- [YOUR GOAL] I need every line from the start of the material below up to and including the line containing "Freshping is a", restated exactly, with the pictures omitted.

- [LISTED ENTRIES]
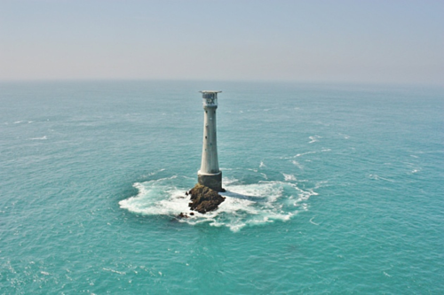 Ngọn hải đăng trên đảo Bishop Rock. Thời xa xưa, ngọn hải đăng chiếu sáng nhờ đèn dầu và trước đó là nến, với ánh sáng chiếu xa tới 24 hải lý. Ngày nay ngọn đèn biển này có máy phát điện, pin và sân bay trực thăng dựng từ năm 1976 - nhờ đó khách tham quan có thể hạ cánh trên đỉnh công trình thay vì đi thuyền. Ảnh: Trinity House.
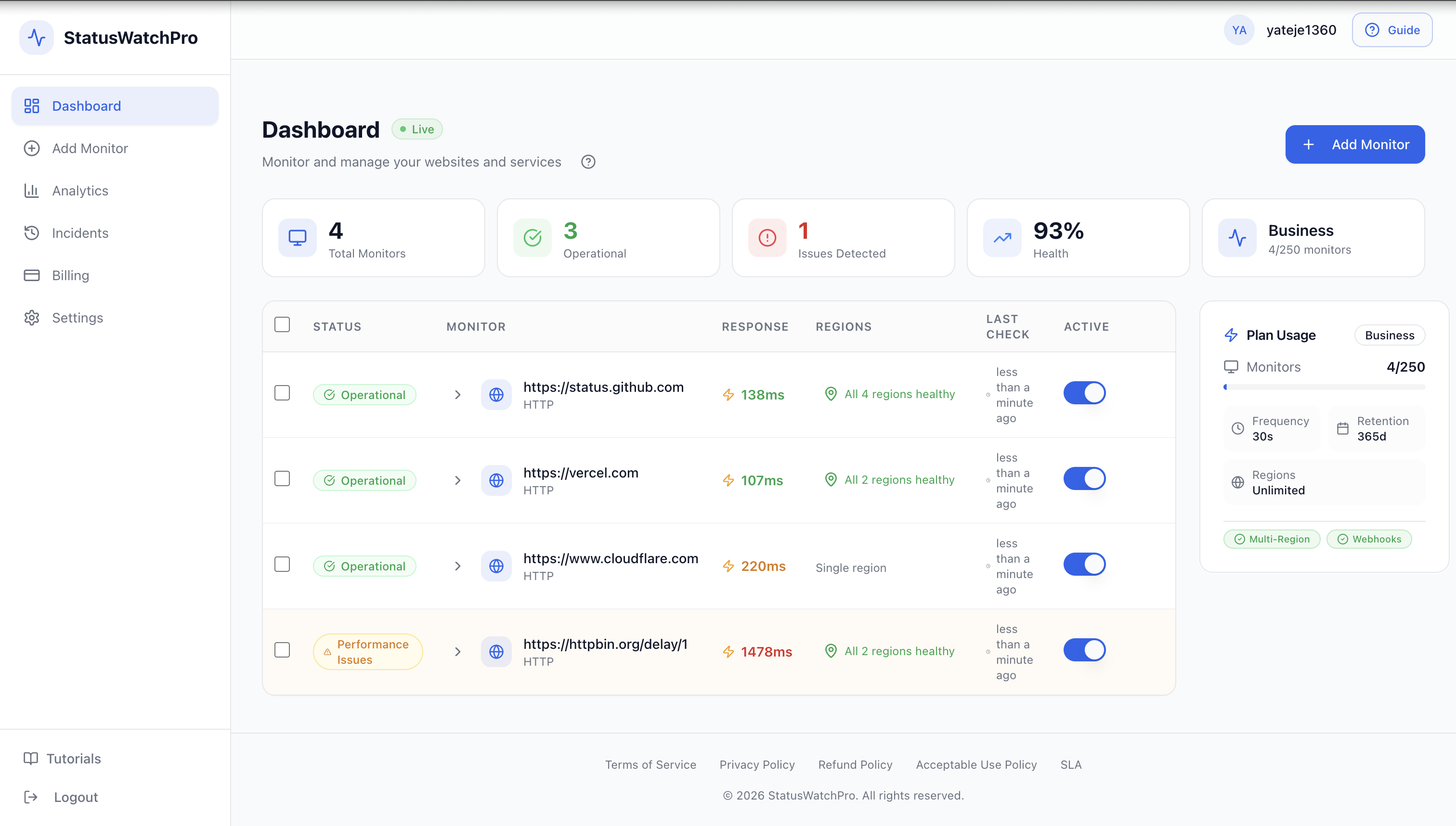 Freshping is a simple Uptime & Performance monitoring tool which helps monitoring uptime/downtime, outages and performance of websites, APIs, web services, web applications with instant outage/down time alerts.
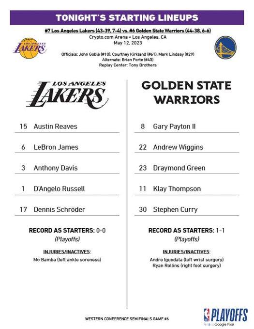 来源:JRS直播网05-13 09:49JRS直播网05月13日,NBA季后赛湖人和勇士G6关键战来了,两队首发正式出炉,维金斯带伤出战,勇士继续使用死亡五小首发;湖人变阵,施罗德顶替范德比尔特进入首发,哈姆终于变阵了,浓眉免遭脑震荡,继续带伤出战。
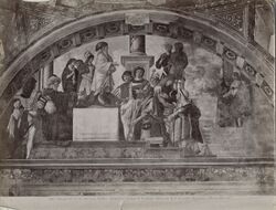 Portrait of Giacomo Feo (the tallest man standing on the right), Melozzo da Forlì
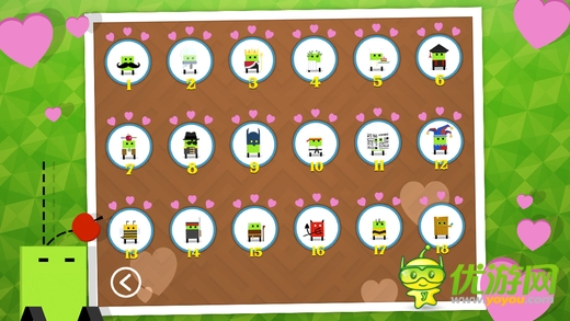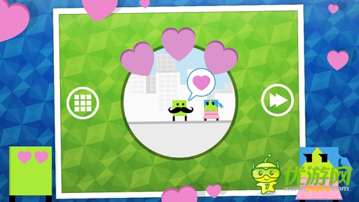 《Fallin Love - The Game of Love》游戲背景是一個綠色的小方塊,有一天他走在街上對一個姑娘一見鐘情了,不幸的是他愛的女人沒有注意到他,在得知她喜歡的是大胡子大叔后而踏上了尋愛之路的情節(jié)。玩法是闖關避開障礙收集愛心和道具來裝扮自己成為心上人喜歡的樣子。
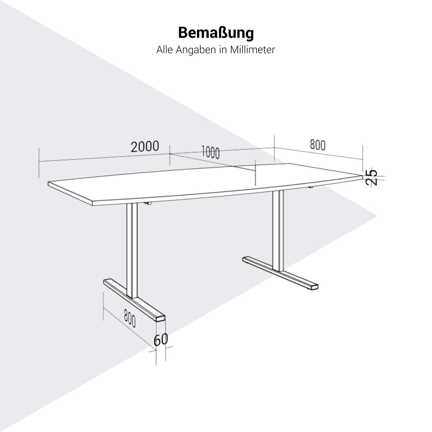 | Materialstärke | Tischplatte 25 mm, Traverse 40 x 20 mm, Beine 80 x 40 mm, Füße 800 x 60 x 30 mm |
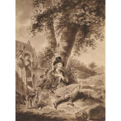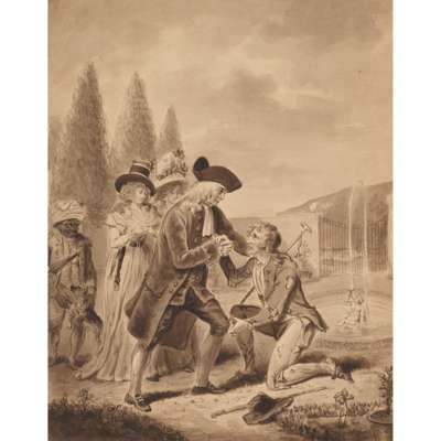Four ink wash illustrations: Prodigal Son No.340 Plate 1, showing a family scene with the son leaving, a replacement image of a dog pasted onto the original; Prodigal Son No.340 Plate 2, showing the son drinking and fraternizing with women; Prodigal Son No.340 Plate 3, showing the son as destitute and sleeping under a tree surrounded by pigs; Prodigal Son No.340 Plate 4, showing the son's return to his father; each c. 32 x 24cm with the aforementioned titles and “I. Cruikshank's Delit. …” to the reverse of each image; possibly by, or after, Isaac Cruikshank, each laid down by one edge onto paper;
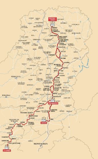 Après une première section, de 22 étapes pour rejoindre Rocamadour depuis Bénévent-l'Abbaye, ce guide propose de poursuivre vers Saint-Jacques de Compostelle via 2 itinéraires alternatifs.

- [SOLUTION BELOW]
 Ngọn hải đăng trên đảo Bishop Rock. Thời xa xưa, ngọn hải đăng chiếu sáng nhờ đèn dầu và trước đó là nến, với ánh sáng chiếu xa tới 24 hải lý. Ngày nay ngọn đèn biển này có máy phát điện, pin và sân bay trực thăng dựng từ năm 1976 - nhờ đó khách tham quan có thể hạ cánh trên đỉnh công trình thay vì đi thuyền. Ảnh: Trinity House.
 Freshping is a simple Uptime & Performance monitoring tool which helps monitoring uptime/downtime, outages and performance of websites, APIs, web services, web applications with instant outage/down time alerts.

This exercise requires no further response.